Problems in Class

If $A$ is a symmetric $n\times n$ matrix and ${\bf v}_1,\ldots, {\bf v}_n$ are an orthonormal basis formed by eigenvectors with eigenvalues $\lambda_1\ge \cdots \ge \lambda_n$,
- Show that $A = \sum_{i=1}^n \lambda_i {\bf v}_i {\bf v}_i^T.$
- Show that for any unit vector ${\bf z}$, ${\bf z}{\bf z}^T$ is the projection operator onto the linear space spanned by $\bf z$. Therefore interpret the expression for $A$ above
- Let $m< n$, and let $V_m =\begin{bmatrix} {\bf v}_1 & \cdots &{\bf v}_m \end{bmatrix}$. Show that the projection operator into the linear space spanned by the first $m$ eigenvectors is $V_m V_m^T$. (Quick test: what is $V_m^T V_m$?)
- Show that
  \[\arg\max_{ {\bf x}: ||{\bf x}||=1} {\bf x}^T A {\bf x} = {\bf v}_1\]
  and that
  \[\arg\min_{ {\bf x}: ||{\bf x}||=1} {\bf x}^T A {\bf x} = {\bf v}_n\]
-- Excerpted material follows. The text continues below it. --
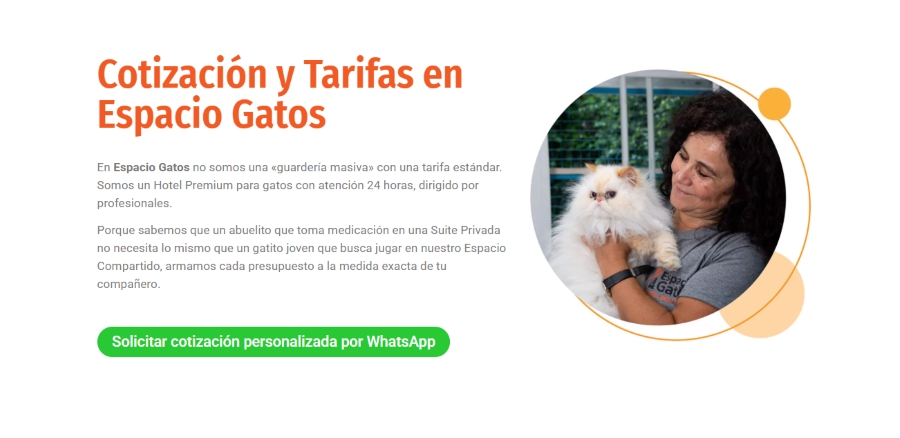 Escribinos por WhatsApp, contanos su edad, su personalidad, cómo está comiendo y qué cosas lo asustan. En Espacio Gatos te orientamos con criterio veterinario real para distinguir timidez de estrés, y te recomendamos la modalidad más segura (y los pasos previos) para que sus vacaciones sean un éxito.

  Why do we only consider unit vectors in the above max/minimization?
For all parts below, $A$ is a symmetric matrix such that all its eigenvalues are $> 0$.
- Show that ${\bf x}^T A {\bf x} >0$ for all vectors $\bf x$. For this reason, such a matrix $A$ is called positive definite (or simply positive in some usages). This is the matrix analog of positive numbers.
- Show using examples that a matrix with all positive entries need not be positive definite, and positive definite matrices can have negative entries. So positivity of matrices is a more subtle concept than simply putting positive numbers in all entries.
- If $B$ is any other matrix such that $B^T A B$ exists, then that $B^T A B$ is positive semi-definite (ie all its eigenvalues are $\ge 0$—not strictly greater than zero, but greater than or equal to zero).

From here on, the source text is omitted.